_Work task_:
Copy, word for word, the lines of the listing below from the line with "Edytor tapety: Drewniana" up to and including the line with "要使用罗技VOICE M38". Drop the pictures.

*** Extracted data ***

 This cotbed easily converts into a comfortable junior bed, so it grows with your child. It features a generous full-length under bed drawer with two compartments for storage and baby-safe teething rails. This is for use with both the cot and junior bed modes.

*** End of Extracted data ***
*** Extracted data ***

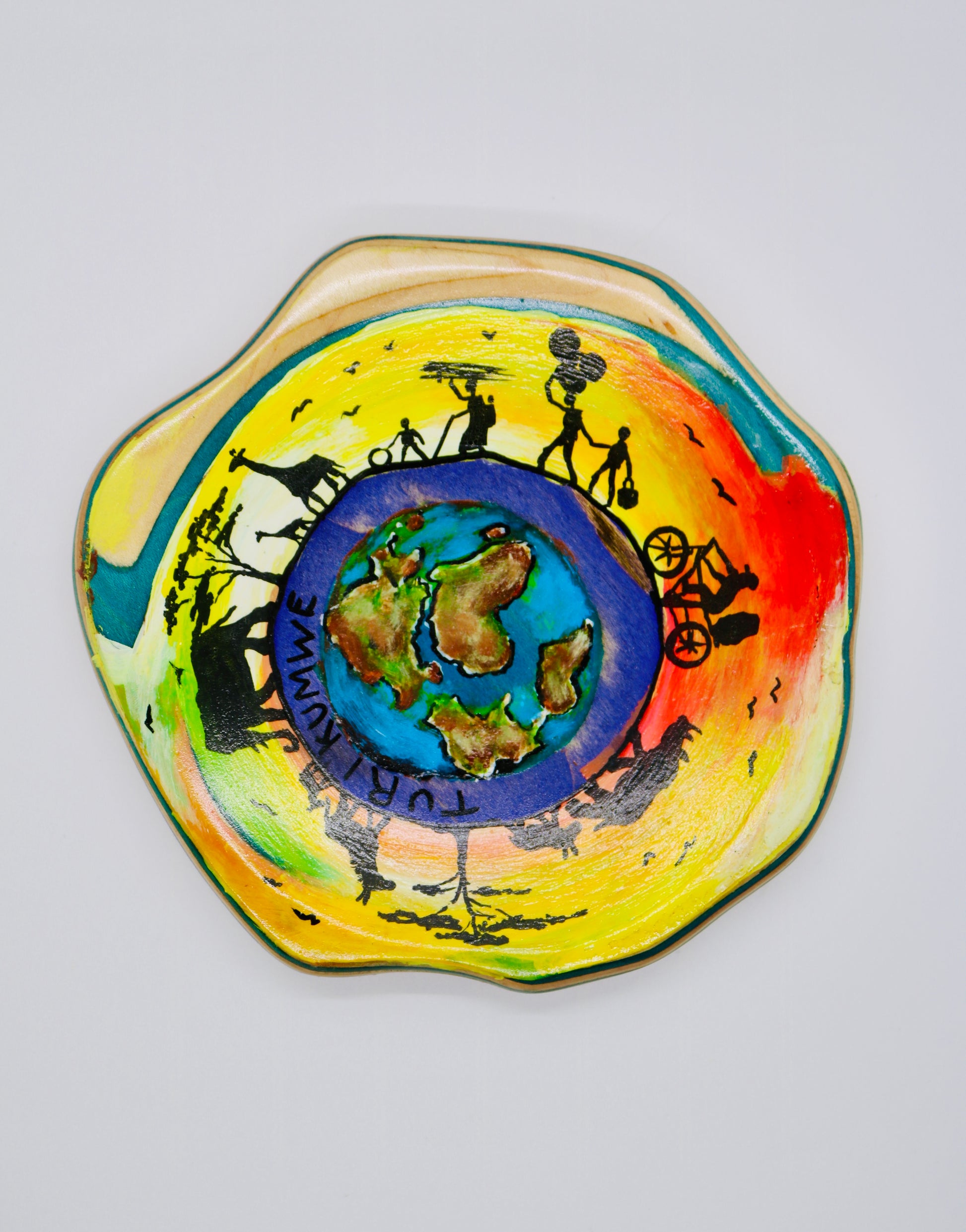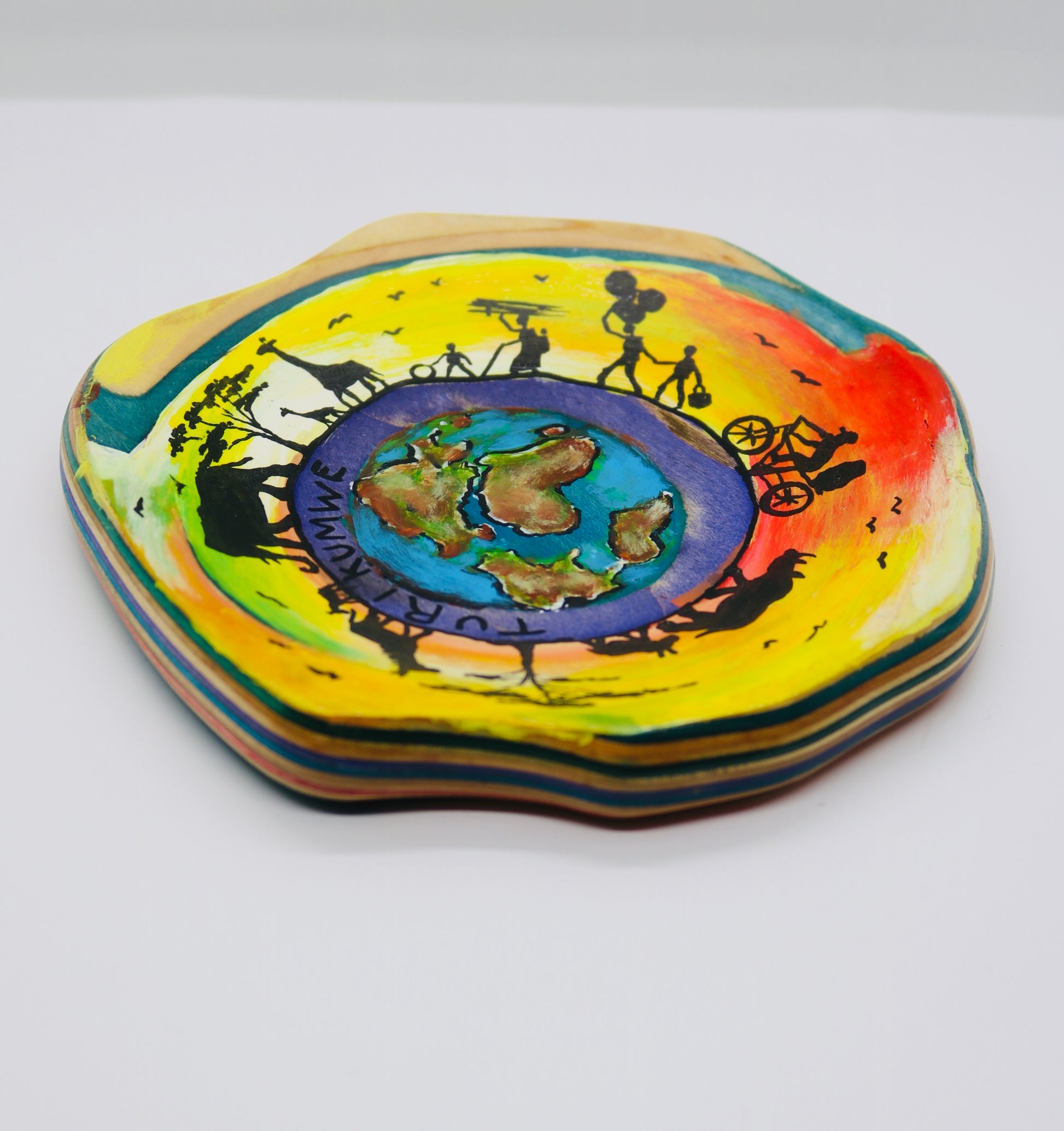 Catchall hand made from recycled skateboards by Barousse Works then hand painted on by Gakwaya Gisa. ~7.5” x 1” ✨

*** End of Extracted data ***
*** Extracted data ***

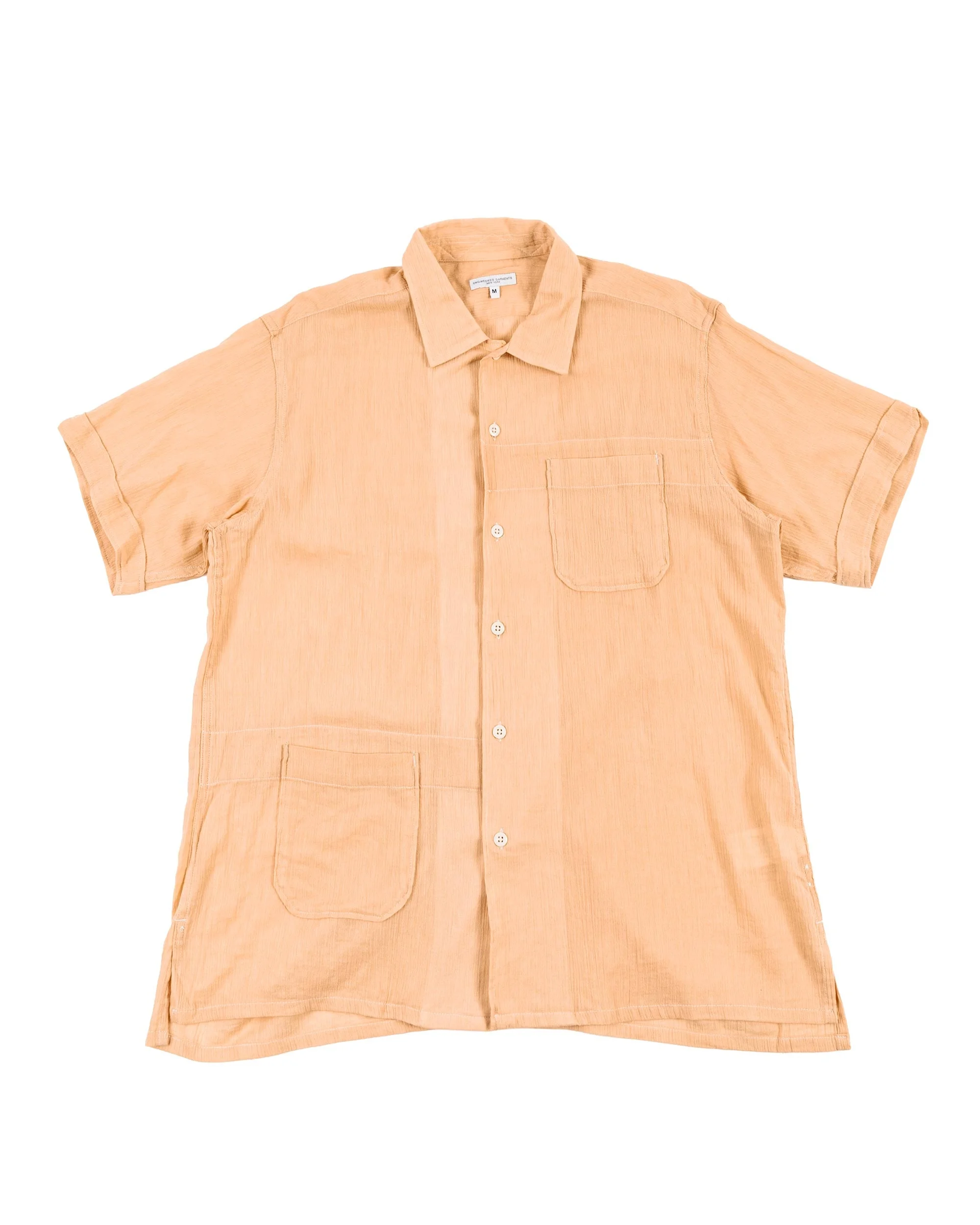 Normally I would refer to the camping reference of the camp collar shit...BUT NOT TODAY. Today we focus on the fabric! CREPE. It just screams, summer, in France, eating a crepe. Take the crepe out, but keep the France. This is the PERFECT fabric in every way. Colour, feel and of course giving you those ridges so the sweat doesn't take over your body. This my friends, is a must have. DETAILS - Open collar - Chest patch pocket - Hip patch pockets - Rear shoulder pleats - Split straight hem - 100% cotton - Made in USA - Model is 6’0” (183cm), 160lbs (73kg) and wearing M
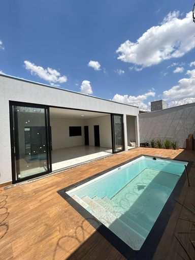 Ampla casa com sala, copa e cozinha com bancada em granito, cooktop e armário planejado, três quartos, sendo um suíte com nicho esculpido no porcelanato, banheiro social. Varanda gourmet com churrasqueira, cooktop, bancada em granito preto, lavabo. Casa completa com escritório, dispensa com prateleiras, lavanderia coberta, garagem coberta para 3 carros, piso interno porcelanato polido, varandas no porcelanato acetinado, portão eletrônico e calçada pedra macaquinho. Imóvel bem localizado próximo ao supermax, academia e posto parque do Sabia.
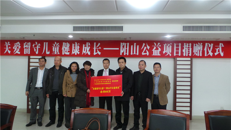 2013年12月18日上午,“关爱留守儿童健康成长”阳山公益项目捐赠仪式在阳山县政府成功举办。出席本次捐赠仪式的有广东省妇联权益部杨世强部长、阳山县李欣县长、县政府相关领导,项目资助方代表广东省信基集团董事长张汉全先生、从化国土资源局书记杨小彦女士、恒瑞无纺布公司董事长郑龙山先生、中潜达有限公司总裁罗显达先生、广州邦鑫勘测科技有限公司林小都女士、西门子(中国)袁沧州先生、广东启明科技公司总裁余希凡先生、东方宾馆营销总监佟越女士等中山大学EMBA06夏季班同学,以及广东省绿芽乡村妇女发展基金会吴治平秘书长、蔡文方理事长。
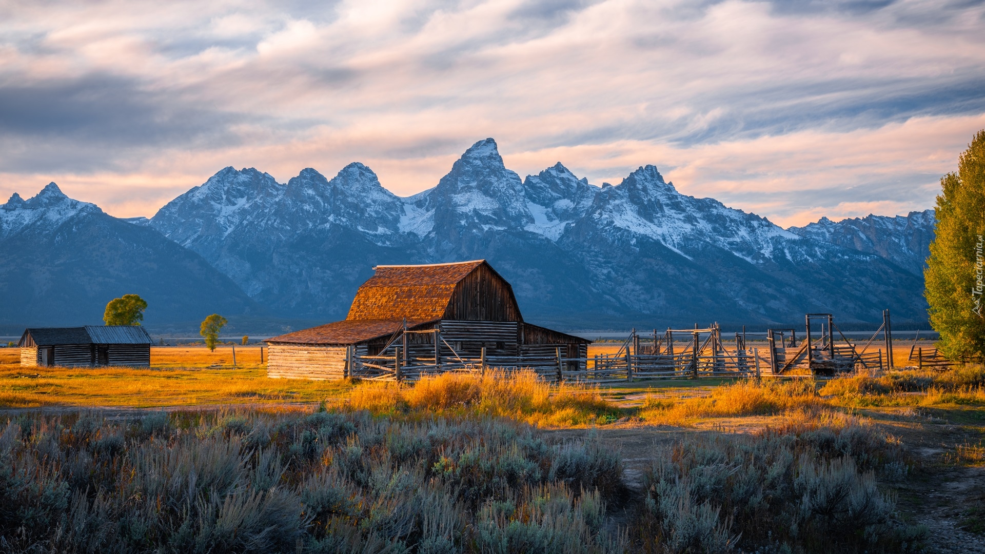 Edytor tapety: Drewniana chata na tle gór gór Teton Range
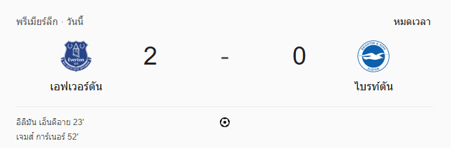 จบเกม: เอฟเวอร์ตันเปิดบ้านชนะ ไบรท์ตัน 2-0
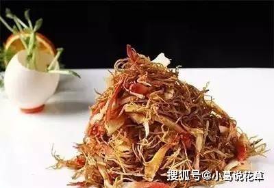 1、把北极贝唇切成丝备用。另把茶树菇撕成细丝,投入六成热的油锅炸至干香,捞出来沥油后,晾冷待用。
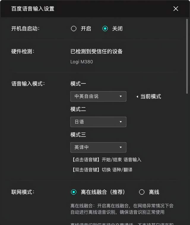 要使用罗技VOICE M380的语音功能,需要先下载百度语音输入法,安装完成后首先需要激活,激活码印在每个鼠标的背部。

*** End of Extracted data ***

_Answer to this task_:
 Edytor tapety: Drewniana chata na tle gór gór Teton Range
 จบเกม: เอฟเวอร์ตันเปิดบ้านชนะ ไบรท์ตัน 2-0
 1、把北极贝唇切成丝备用。另把茶树菇撕成细丝,投入六成热的油锅炸至干香,捞出来沥油后,晾冷待用。
 要使用罗技VOICE M380的语音功能,需要先下载百度语音输入法,安装完成后首先需要激活,激活码印在每个鼠标的背部。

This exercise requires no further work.